Erythritol tetranitrate (ETN) is a chemically similar explosive compound to PETN, though it is thought to be slightly more sensitive to friction and impact. Each of the hydroxy groups in erythritol has been converted to the corresponding nitrate ester. It is a vasodilator with similar properties to nitroglycerin.
ETN, like many nitrate esters, acts as a vasodilator and was the active ingredient in the first “sustained release” tablets, manufactured under a process patent called “nitroglyn” in the early 1950s. Ingestion of ETN or prolonged skin contact can result in absorption and a “nitro headache.”
Properties
At a density of 1.7219 (0.0025) g/cm3, ETN has a relatively high detonation velocity of 8206 m/s. It is odorless and white in color. ETN is frequently mixed with other high explosives. Because it is sensitive to shock and friction, it must be handled with caution. ETN is easily dissolved in acetone and other ketone solvents. The sensitivity to impact and friction is slightly higher than that of pentaerythritol tetranitrate (PETN). Melt cast and pressed ETN to have comparable sensitivity. Lower erythritol nitrates, such as erythritol trinitrate, are water-soluble and thus do not contaminate most ETN samples.

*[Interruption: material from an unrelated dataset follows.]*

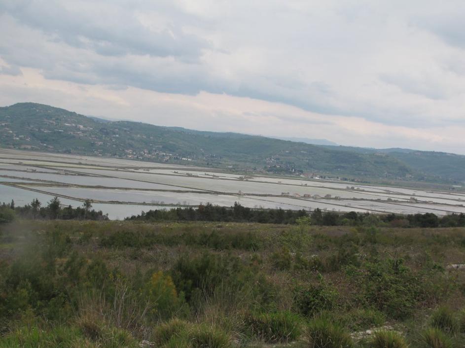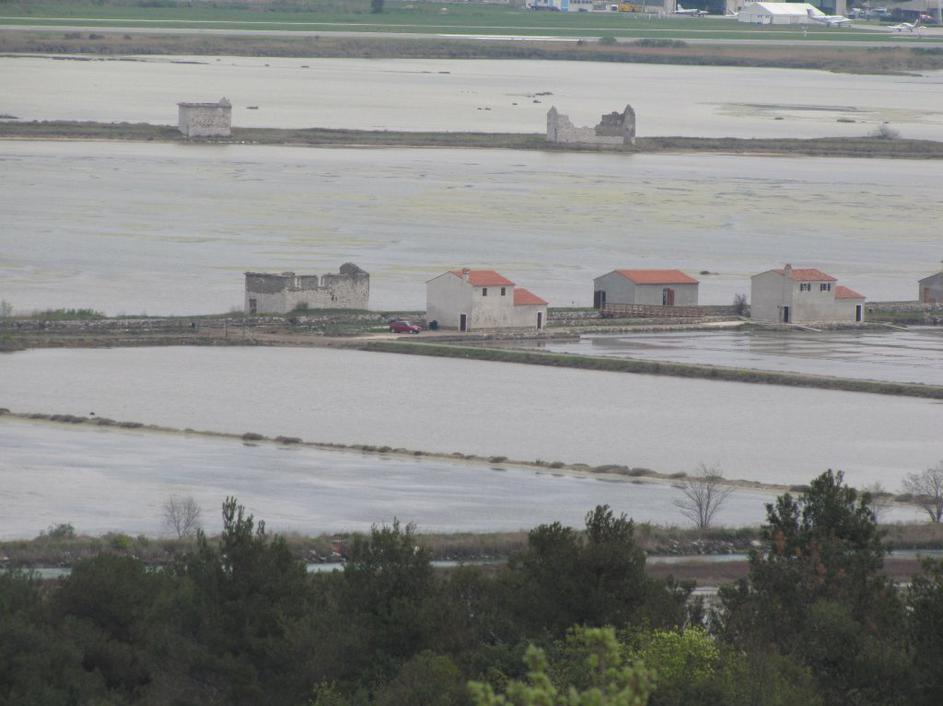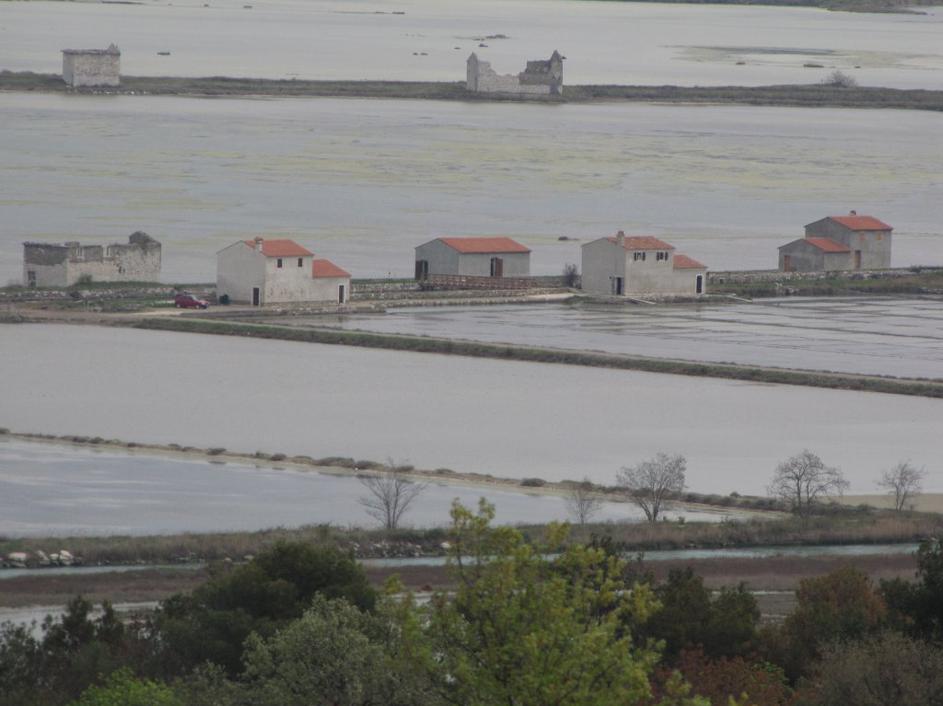Obnovljene hiške na solinah. Slikano iz hrvaške strani.

ETN, like PETN, is known for having a long shelf life. After four years of storage at room temperature, studies that directly observed the crystalline structure found no signs of decomposition. PETN has a melting point of 141.3°C, while ETN has a melting point of 61°C. Recent ETN decomposition studies have suggested a unimolecular rate-limiting step in which the O-NO2 bond is cleaved and the decomposition sequence begins.
Oxygen balance
This explosive has a positive oxygen balance, which means it has more than enough oxygen in its structure to fully oxidize all of its carbon and hydrogen upon detonation, which PETN does not. This is depicted in the chemical equation schematic below.
2 C4H6N4O12 → 8 CO2 + 6 H2O + 4 N2 + 1 O2
Whereas PETN decomposes to:
2 C5H8N4O12 → 6 CO2 + 8 H2O + 4 N2 + 4 CO
Carbon monoxide (CO) still needs oxygen to be completely oxidized to carbon dioxide (CO2). A thorough examination of the chemistry of ETN decomposition has recently been completed.

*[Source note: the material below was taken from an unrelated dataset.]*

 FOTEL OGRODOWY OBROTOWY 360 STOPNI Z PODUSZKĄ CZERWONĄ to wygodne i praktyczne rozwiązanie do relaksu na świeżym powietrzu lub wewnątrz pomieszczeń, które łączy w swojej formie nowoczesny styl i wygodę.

As a result, for every two moles of ETN decomposed, one mole of free O2 is released. This oxygen could be used to oxidize additional metal dust or an oxygen-deficient explosive like TNT or PETN. The following chemical equation depicts how oxygen from ETN oxidizes PETN. Carbon monoxide (CO) is converted to carbon dioxide by the extra oxygen provided by the ETN (CO2).
2 C4H6N4O12 + 1 C5H8N4O12 → 13 CO2 + 10 H2O + 6 N2
Manufacture and Uses
ETN, like other nitrated polyols, is produced by nitrating erythritol with either concentrated sulfuric acid and a nitrate salt or a mixture of sulfuric and nitric acid.
To reduce the risk of explosion, it is usually diluted with lactose or other suitable inert excipients; undiluted erythrityl tetranitrate can be exploded by percussion or excessive heat. It functions as both a vasodilator and an explosive. It is derived from erythritol.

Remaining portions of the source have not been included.